Politicians and campaigners have previously talked about electroshock therapy, chemical castration and ‘corrective rape’.
The trouble is that none of them can point to anyone providing such ‘treatments’ in the United Kingdom for decades.
For example, when my colleague Carys Moseley and I independently sought evidence through Freedom of Information requests on ‘corrective rape’ in the UK, no evidence was forthcoming and politicians suddenly stopped making that claim.
Or does banning ‘abusive conversion practices’ mean banning all ‘conversion practices’, pejoratively labelling any such attempt as abusive?
But there is a major problem with this too: they are not.
The research simply doesn’t back up claims that normal talking therapy, prayer, pastoral counselling and small support groups cause people harm. The papers that some people claim demonstrate harm do no such thing. Other studies, including ones that are clearly of higher quality, are illegitimately ignored when they come to other conclusions. Some forms of therapy, for example, are clearly safe and sometimes effective.
The various proposed bills in Westminster and Scotland in recent years have sought to ban forms of speech: not just the prayer, counselling and small groups mentioned before but also publications.
In doing so, there are major human rights hurdles.
As Roger Kiska’s legal opinion demonstrates, a ban limiting people’s article 8 rights (private and family life) and article 9 rights (thought, belief and religion) would face high hurdles to be deemed compatible with human rights. The restrictions would have to be shown to be necessary and narrowly tailored to a legitimate aim.
As the verdict in the Maltese trial of Matthew Grech shows, wide-ranging bans aren’t workable without breaching basic rights. The US Supreme Court also ruled decisively against a ‘conversion therapy’ ban at the end of March for censoring speech.
The idea of a ‘conversion therapy’ ban is not only wrong, but essentially impossible without breaching human rights commitments. Does Labour really want to commit its next three years to this unnecessary, doomed project?
Labour has repeatedly promised that any ban would be ‘trans inclusive’, including in a recent Westminster Hall debate focused on single-sex spaces and the Darlington Nurses.
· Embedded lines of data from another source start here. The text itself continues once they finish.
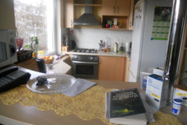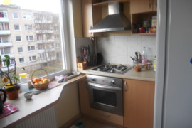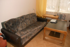 Kambarys- tvarkingas, su baldais: sofa lova,spinta,stalas.Balkonas.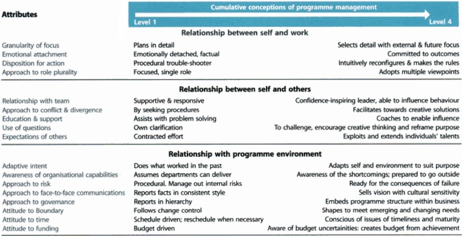Cranfield University did a research related to behavioral attributes of the leaders when working on programs. The summary table of this research is added to the Managing Successful Programs book.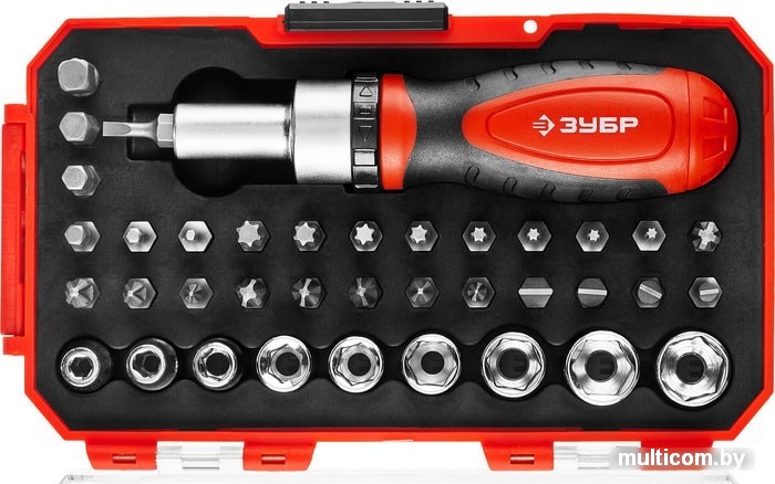| Комплектация | Реверсивная отверткаАдаптер для торцовых головокТорцовые головки (9 шт.): 4, 5, 6, 7, 8, 9, 10, 11, 12Биты 25 мм (35 шт.): PH 0, 1, 2, 2, 3; SL 3, 4, 5, 6, 7; PZ 0, 1, 2, 3; HEX 2, 3, 4, 5, 6; TX 8, 9, 10, 15, 20, 25, 27, 30 |

Up to this point, I’ve focused on the kinds of support people receive if they want to move away from same-sex behaviours and feelings. That is for two reasons: first, because people have a wildly wrong perception about what they entail, their safety and their effectiveness.
Second, it is because there has been virtually no study of gender-related ‘conversion therapy’.
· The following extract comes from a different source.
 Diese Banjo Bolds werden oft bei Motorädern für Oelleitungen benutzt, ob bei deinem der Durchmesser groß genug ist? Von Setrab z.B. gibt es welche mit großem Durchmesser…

LGBTQ+-affirming campaigners have pushed hard for a ‘trans inclusive’ ban based on thin air. But they may well find themselves falling into the pit that they have dug (Psalm 7:15).
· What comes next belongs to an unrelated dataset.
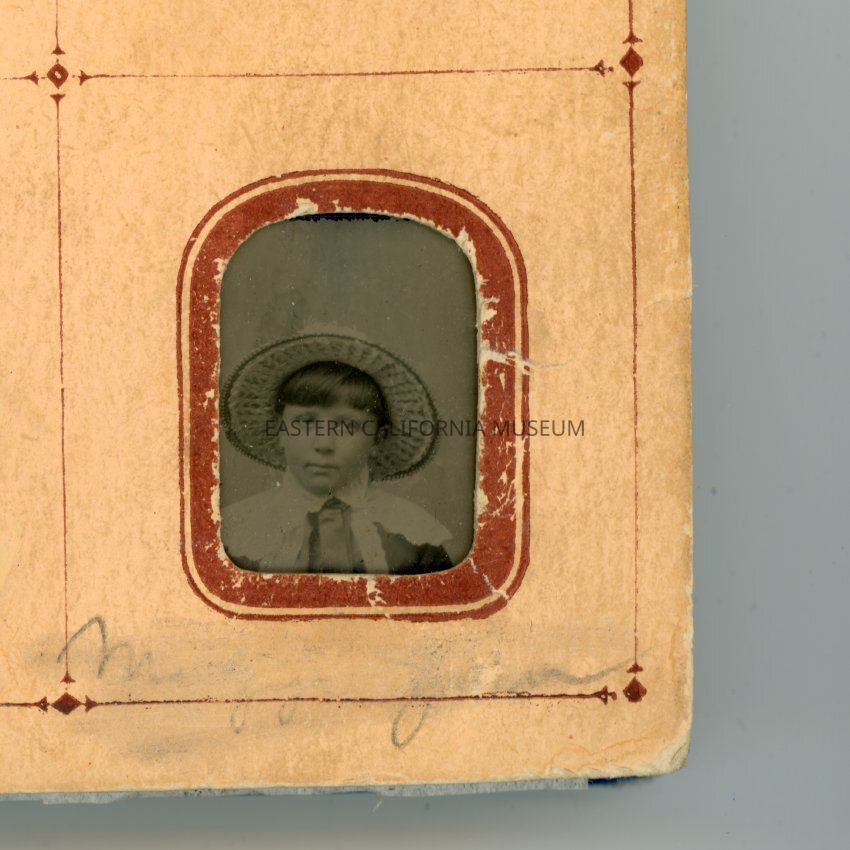 Small tintype of a young child wearing a hat. There was a name written beneath it, but it has been smudged or erased. It looks like the initials may have been M. J. or maybe M. Meysan?Collection

They wanted a trans-inclusive ban to stop people from supporting others who were struggling with gender distress. They wanted to make it illegal for a therapist to help, say, a 14-year-old girl to accept the body God gave her instead of seeking to mutilate it by simulating masculinity.
For all the reasons already mentioned, such a ban would be disastrous and fail. Additionally, the public would hate such a ban – not a great way to revitalise a party’s electoral prospects.
However, a trans-inclusive ban on genuinely-abusive conversion practices could in fact be a vote-winner. There are indeed abusive, harmful practices being done, even paid for by taxpayers, that seek to convert boys into girls and girls into boys.
A complete end to chemically castrating young people with puberty blockers and cross-sex hormones would be a great start for a ban. We could also ban mastectomies that are carried out for the purposes of gender, along with ‘bottom’ surgeries on genitalia.
These practices are genuinely harmful and abusive, with a growing evidence base to demonstrate it.
In the time it has taken to draft this article, it has become even less clear that today’s King’s Speech will bear any resemblance to the Government’s ongoing agenda.
But if Starmer, Streeting, Burnham or any other politician wants a vote-winning policy, let them end this talk of a ‘conversion practices’ ban and stop transitioning kids.